As for Emma, she can be introduced in her own words (in a letter to elder brother Sam, now living in India):

Emma's Picture of Herself, May 1831.

Shall I, dear Sam, describe myself? I should be pretty if my skin were clear and teeth good, which they are not. My hair is nicer, and I dress it well. My figure is naturally good, but I stoop. My hands are large, but my fingers, since I left off biting my nails, are not ugly. I am about half an inch shorter than Ellen. 

My mental accomplishments are not very brilliant. I do not take to accomplishments; yet I pursue them, and can play Handel's and Mozart's music and sing tolerably well. I can draw, but in no decided style. But I can sit all day sans ennui with a book, and when the work is valuable I make notes. When at Clifton I was allowed to read some novels, and in one week devoured Richelieu, Darnley, Inheritence, Marriage, Thaddeus of Warsaw, Marie Antoinette, Romances of History, Highways and Byways -- and for the present I am satisfied. Now I am reading with interest the Family Library. Sir Walter Scott is ill and I fear will add no more to my twenty-four volumes . . . (p. 121)

*

Within the family Mary Brown was known as Minnie (it was John Olive's pet-name for her).
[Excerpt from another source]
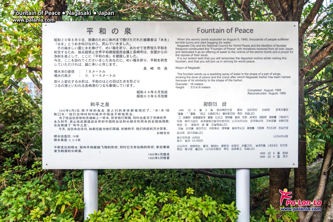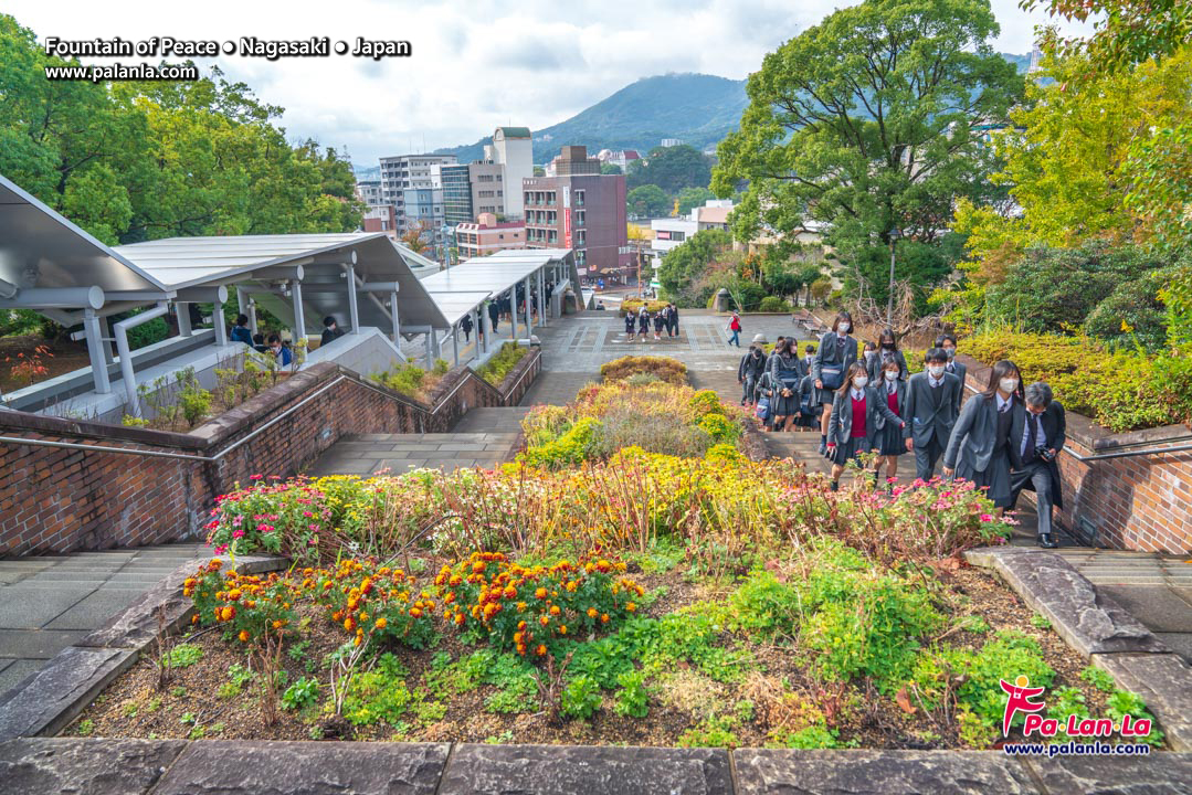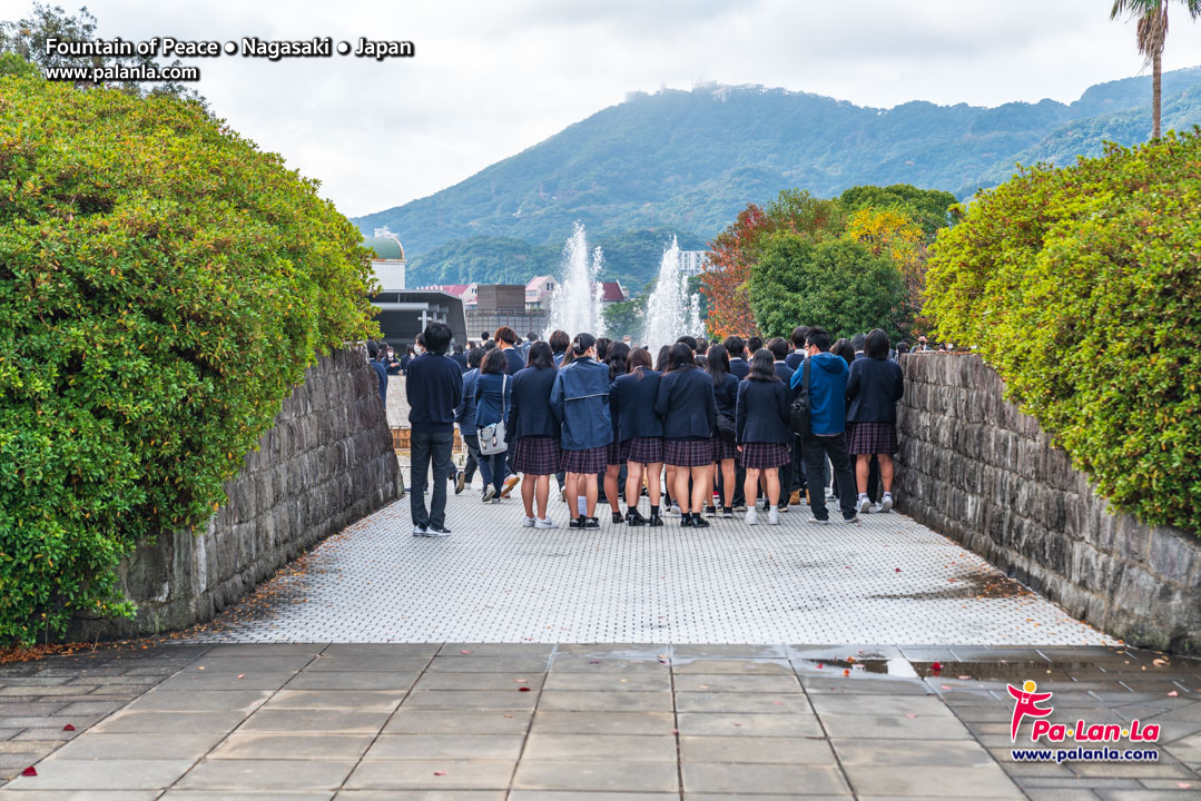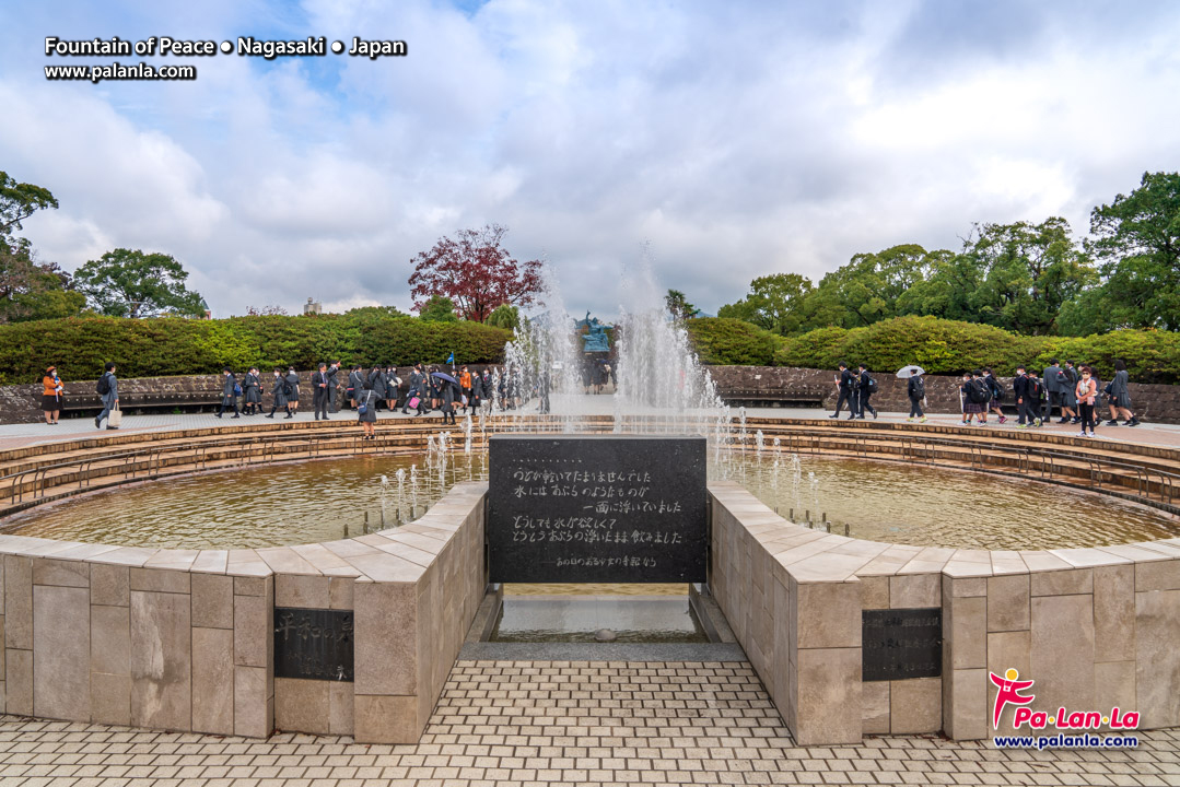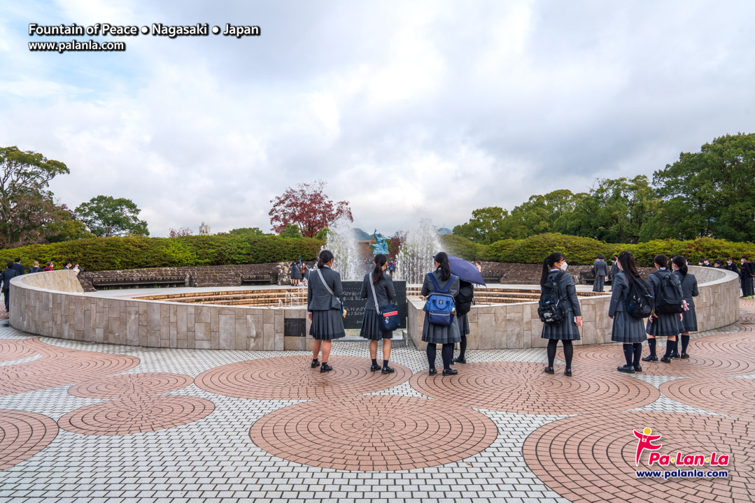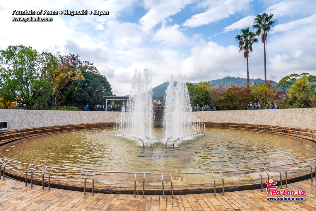 น้ำพุแห่งสันติภาพ (Fountain of Peace) ตั้งอยู่ด้านหน้าของสวนสันติภาพนางาซากิ (Peace Park) สวนสาธารณะที่สร้างขึ้นเพื่อรำลึกถึงเหตุการณ์ระเบิดปรมาณูในสงครามโลกครั้งที่ 2 ซึ่งครั้งหนึ่งเมืองนางาซากิเคยถูกระเบิดปรมาณูถล่มเป็นเหตุทำให้ประชาชนเสียชีวิตนับแสนในเหตุการณ์ครั้งนั้น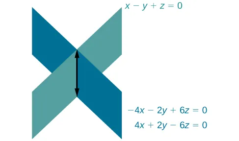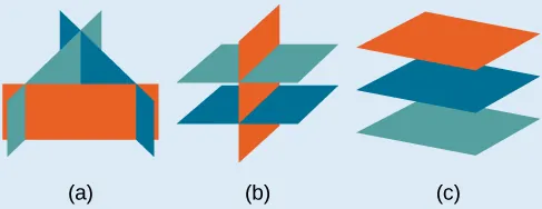 Sabemos por haber trabajado con sistemas de ecuaciones con dos variables que un sistema de ecuaciones dependiente tiene un número infinito de soluciones. Lo mismo ocurre con los sistemas dependientes de ecuaciones de tres variables. De varias situaciones puede resultar un número infinito de soluciones. Los tres planos pueden ser iguales, de modo que la solución de una ecuación será la solución de las otras dos ecuaciones. Las tres ecuaciones podrían ser diferentes, pero se intersecan en una línea, lo cual tiene infinitas soluciones. O bien, dos de las ecuaciones podrían ser iguales e intersecar a la tercera en una línea.

There is actually not very much about Fromefield House in Ayot Rectory

It was built in 1797 by George Sheppard senior (1773 - 1855), the Frome clothier and proprietor of a factory at Spring Gardens.

At this time [c. 1830], and for many years after, the most unbounded hospitality prevailed at Fromefield House, and every stranger, and especially clergymen, were ever welcomed there, the Reverend Mr. Phillot, then vicar of Frome, but generally a non-resident, always had a room kept specially for him, and such was the style of the house, that a merchant of Frome said that the grocer's bill there was larger than Lord Cork's, [at Marston House] of that day, and a banker informed me that at the time of the one pound notes, the firm had out of the bank every Saturday morning, one thousand one pound notes for wages and weekly expenses ...
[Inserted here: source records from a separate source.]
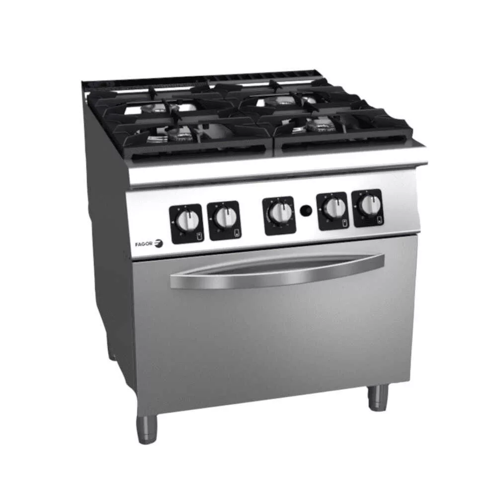Spanyolországban gyártott, rozsdamentes acél kivitelű, gázüzemű asztali ipari tűzhely, 4 rózsás. Öntöttvas edénytartó ráccsal és őrlánggal. Összteljesítmény: 49,4 kW.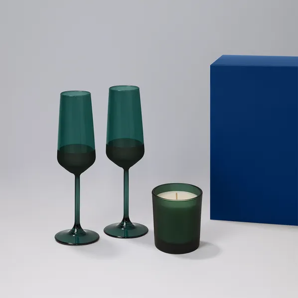 Подарочный зелено-синий набор Enigma, Emerald — элегантное сочетание для создания особой атмосферы. Два бокала для шампанского и свеча в стильном оформлении подчеркнут торжественность момента и станут отличным подарком для праздников и корпоративных мероприятий.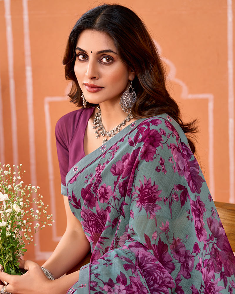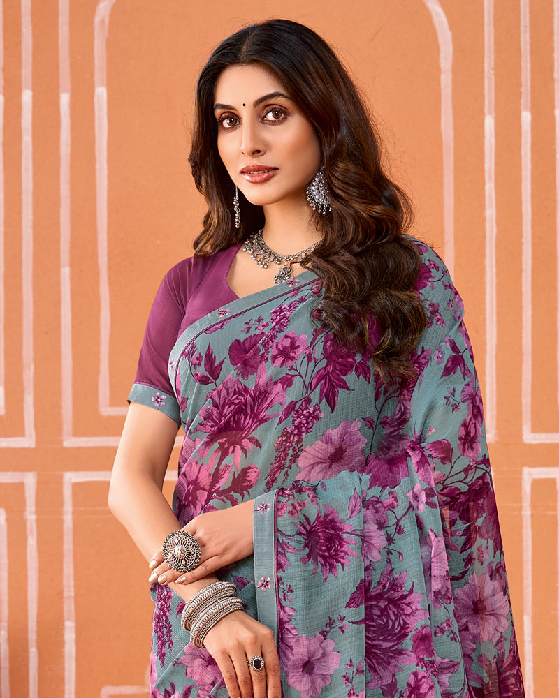 Vishal Prints Bluish Grey And Dark Mauve Printed Fancy Chiffon Saree With Fancy Border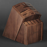 The 7 main knife slots range in width to accommodate any knife from a small paring knife all the way to a slot for an extra wide cleaver knife.
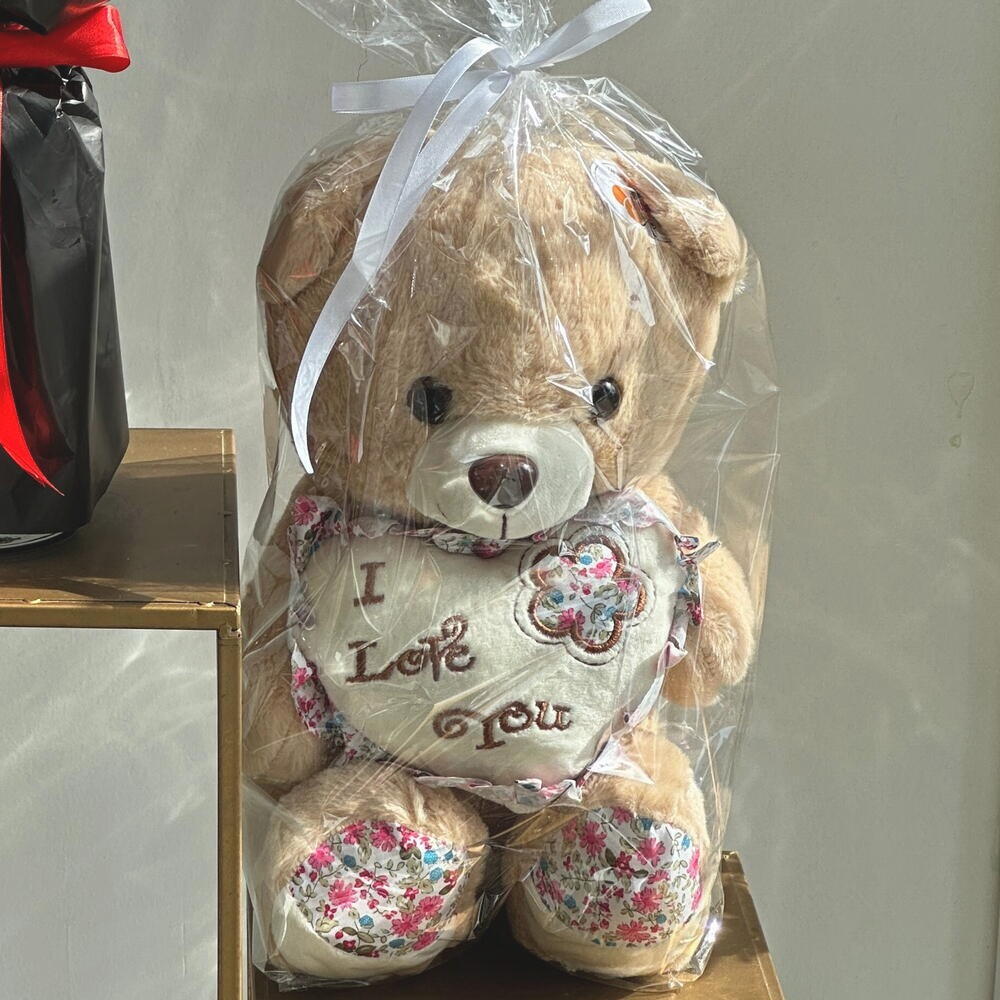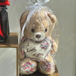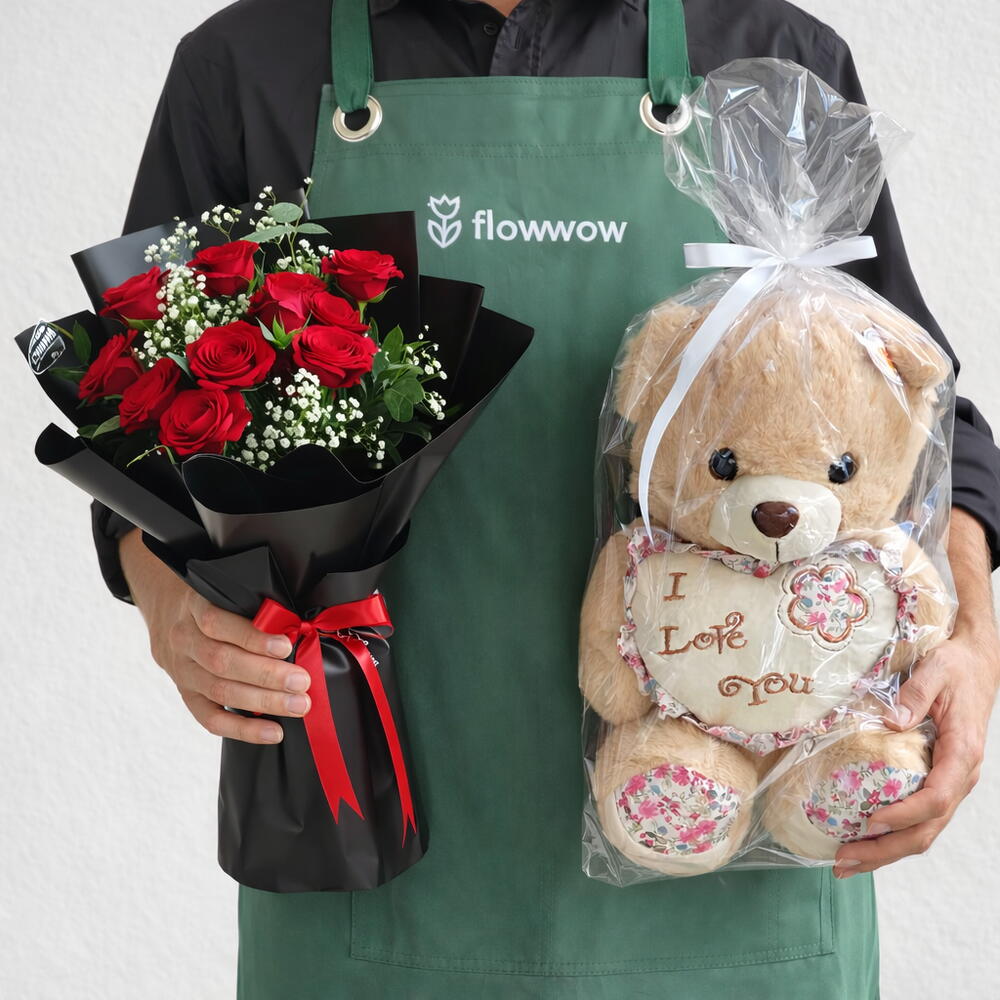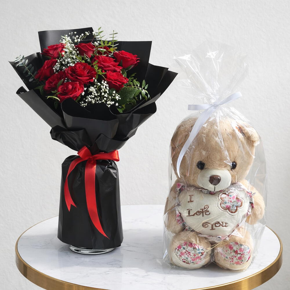 Red rose - 11 ud. Eucalyptus - 2 ud. Gypsophila - 3 ud. Teddy bear - 1 ud.

(John Webb Singer in The Somerset Standard, 25th March, 1893. Quoted in Frome Through The Ages: An Anthology in Prose and Verse (1982), ed. Michael McGarvie.)
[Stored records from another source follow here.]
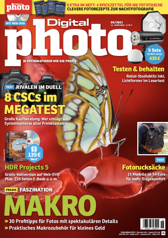Makrofotografie: 30 Profitipps für Fotos mit spektakulären Details sowie praktisches Makrozubehör für kleines Geld erwarten Sie in dieser DigitalPHOTO. Außerdem haben wir 15 Fotorucksäcke getestet, Systemkameras aller Preisklassen im Duell miteinander verglichen u.v.m. Alle Highlights im Überblick: 8 CSCs im Megatest Faszination Makro 15 Fotorucksäcke ab 54 Euro im Test Testen und behalten: Rollei-Studioblitz inkl. Lichtformer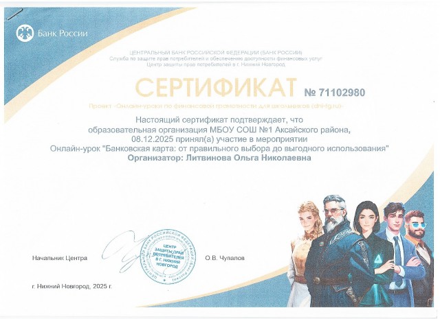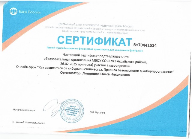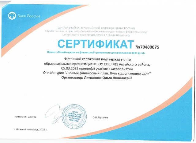 Организатором проекта выступает Центральный банк Российской Федерации. Проект "Онлайн-уроки финансовой грамотности" помогает старшеклассникам из любой точки России получить равный доступ к финансовым знаниям, предоставляет возможность «живого» общения с профессионалами финансового рынка, способствует формированию принципов ответственного и грамотного подхода к принятию финансовых решений. Эксперты рассказывают школьникам о личном финансовом планировании, инвестировании, страховании, преимуществах использования банковских карт. Особое внимание уделяется правилам безопасности на финансовом рынке и защите прав потребителей финансовых услуг.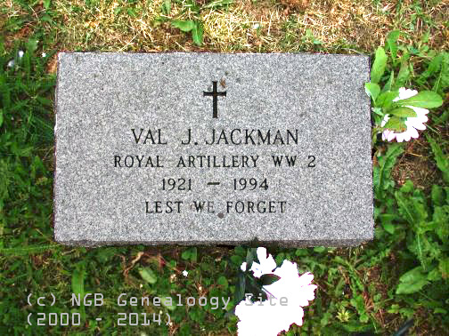 | Val J. Jackman Royal Artillery ~ WW II 1921 ~ 1994 Lest We Forget |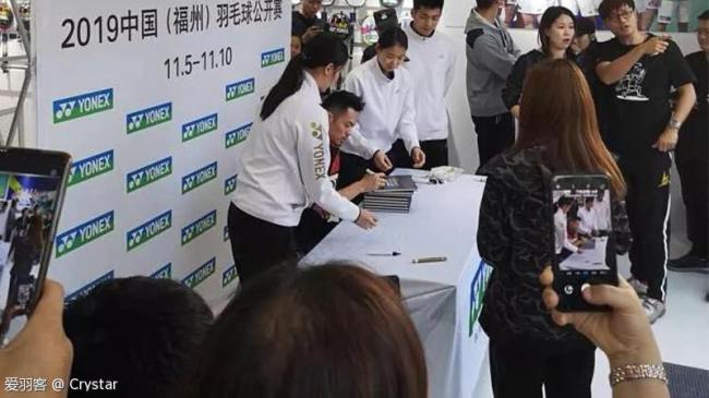 今日一早在酒店吃过早餐后,遇到了阿山伍家朗杜鹏宇吴柳莹李文珊金廷等等。当大家都在和伍家朗合影的时候我去和杜鹏宇合影了,杜鹏宇还问我知道他是谁吗,我说杜鹏宇啊,他说合吧。然后还问了另外一位姐姐是从哪来的。然后遇到了日本队,有人找桃田合影了,送了小礼物,桃田才签了两个名。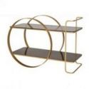 Las formas esenciales, lineales y circulares, realzan su estética de fuerte personalidad, que se compone de una estructura de metal pintado con acabado oro mate, dos baldas de porcelánico y una tapa ahumada.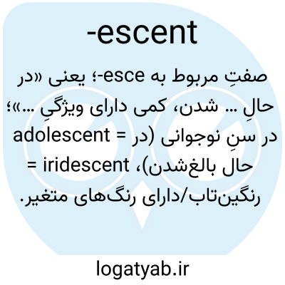 📌 پسوندی برای صفتها که از لاتین وام گرفته شده است، و در آن آغاز یک عمل یا فرآیند را بیان میکند؛ اغلب با افعالی که به -esce و اسمهایی که به -escence ختم میشوند، مطابقت دارد: نقاهت؛ بازگشتکننده.

There's an interesting Wikipedia entry on the Sheppard family of Frome: https://en.wikipedia.org/wiki/Sheppard_family_(clothiers) 

This is from around 1850:

Emma and George Sheppard had left Berkeley Court and gone to live with George's old father. Fromefield House, embowered amongst woods and hills and meadows, was a charming home, a regular comfortable old family gathering-place. As Emma had always been remarkably tactful and guileless the new arrangement was a perfect success. The only drawback from Minnie's point of view was that the greys had to be ordered out whenever she wanted to go to church. It was too far for her to walk nowadays. (p. 193)

Oman's "Berkeley Park" or "Berkeley Court" is Berkley House, a couple of miles NE of Frome. Minnie often stayed there with Emma and her growing family between 1834 and 1850. 

Emma became interested in workhouse reform and a year after her mother's death she published a book about it.  One of her abiding beliefs was in keeping the aged out of workhouses, e.g. by subsidizing families to look after their old folk. Perhaps that was the thinking behind Frome's new dementia day-care centre being named the Emma Sheppard Centre. 





Fromefield House in the late nineteenth century.


Facing p. 216 there is the sketch of Fromefield House I mentioned earlier, by Grace Sheppard, Mary Sneade Brown's great-granddaughter. So I suppose it dates from the late nineteenth century. Her vantage point was the large field that gives Fromefield its name: for many years the site of Frome's annual cheese show, and now partly occupied by Frome hospital.

In her last letter to Ellen "Minnie wrote that the view from her window at Fromefield House was all road-colour, lawns and fields alike, no verdure at all." (p. 217).

She died while staying here, on August 10th, 1858. 


Central hall of Fromefield House, Frome.


The roof lantern above the central staircase of Fromefield House, Frome.